Boatmen's Buyout Deal Seen Sending A Warning About Excess Capital

NationsBank Corp. has taken heavy fire from Wall Street over the high price it is paying for Boatmen's Bancshares, but some analysts now sense that the deal sends a warning to capital-heavy banks.

NationsBank is financing its acquisition by utilizing Boatmen's mountain of excess capital - a maneuver equivalent to a leveraged buyout, said analyst Diane Merdian of Montgomery Securities in San Francisco.

And that, she said, "should send a clear message to banks with extra capital: Optimally manage your balance sheet or else."

The upshot is that a number of big banks, including some that recently completed their own large deals, might themselves be takeover targets because they have so much unused capital on their books, the analyst said.

"Quite simply, NationsBank was able to offer a higher price for Boatmen's by paying less than 100% of the purchase amount in shares issued, leveraging Boatmen's excess capital as well as its own," she said. "Boatmen's, like any bank, is more valuable optimally leveraged and was consequently made more vulnerable by its excess capital."

In a recent study, Ms. Merdian and colleagues at her firm identified several undervalued banks sporting what she calls "suboptimally leveraged balance sheets." They include First Chicago NBD Corp., Cleveland's KeyCorp, and First Security Corp. in Salt Lake City.

"The industry is growing much faster than banks can deploy their growing capital," noted Adam Compton of Montgomery Securities, who assisted in preparing the study.
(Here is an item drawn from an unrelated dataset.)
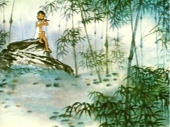 中国的表现主义动画作品多为“写意”,这与西方表现主义由内而外的自我精神表现、反对艺术对自然的摹仿本质是一致的。这些中国表现主义动画作品的写意性在主观激情表达上不像西方表现主义绘画色彩鲜明,更为寻求主客观的统一,是一种意象的表达,追求形式和内容的和谐统一。在艺术形式上追求虚实相生,以虚带实的意境和韵味,内容作为形式的有机载体,艺术想象贯穿在题材内容上。如由上海美术电影制片厂制作特伟、钱家骏导演的《牧笛》(1963),根据著名国画家李可染的绘画风格绘制,结合婉转悠扬的笛声,将中国的“写意”表达得淋漓尽致。创作者借用中国画的艺术形式,不是对客观现实的描摹,而是强调自己内在精神的表达,让观众欣赏到一部意境深远的动画作品。

More fully valued potential takeover targets, according to Ms. Merdian's analysis, include Mercantile Bancorp., St. Louis; Comerica Inc., Detroit; and U.S. Bancorp, Portland, Ore. The NationsBank-Boatmen's deal offers several important lessons, she said. Among them:

*Bigger is better for buyers. "The greater the dollar amount of the target's excess capital, the more a buyer may benefit, assuming an accretive price is offered."

*Regulatory constraints foster consolidation. Banks with excess capital are generally limited to buying back stock in any year in amounts equal to a year's tangible retained earnings. "An acquirer, on the other hand, can remove significant excess capital all at once," she pointed out.

Industry analyst Judah S. Kraushaar of Merrill Lynch & Co., New York, agreed that excess capital exposes banks to takeover deals.

"The message for any bank is that you make yourself more vulnerable (to takeover) by sitting on excess capital," Mr. Kraushaar said, adding that excess capital would likely be most evident at smaller banks.

Ms. Merdian predicts more merger action but says the NationsBank- Boatmen's deal has not "ignited a massive frenzy" to build enormous banks.

So what are banks to do? Buying another bank is the most obvious way to spend a lot of cash. In fact, one of the banks on Ms. Merdian's list, Mercantile Bancorp., announced this week that it plans to purchase Mark Twain Bancshares for $855 million.

But the most popular means of dealing with excess capital - stock repurchase programs - is unavailable right after a pooling deal.

The Securities and Exchange Commission ruled in March that banks created in pooling-of-interest mergers must temporarily suspend their buyback programs.

In pooling transactions - the kind that Mercantile is using to buy Mark Twain - the acquired bank's assets are added into the parent's.

In contrast, Wells Fargo & Co., San Francisco, this year took over First Interstate Bancorp., Los Angeles, using the purchase-accounting method, which preserves stock buybacks.

In purchase transactions, the newly acquired bank is treated as an investment and its assets are incorporated into its new parent's balance sheet at their fair market value.

The downside is that any price paid over their fair value is considered goodwill and must be written off against future earnings.

Although purchase accounting makes for more cumbersome bookkeeping and can depress bank earnings, Ms. Merdian says it is the only alternative in the current environment.

"Poolings of interest are essentially dead for banks, as they too severely inhibit managements' flexibility in appropriately managing capital," Ms. Merdian wrote.

The NationsBank deal for Boatmen's is also a purchase accounting deal - the second big one this year, after Wells-First Interstate.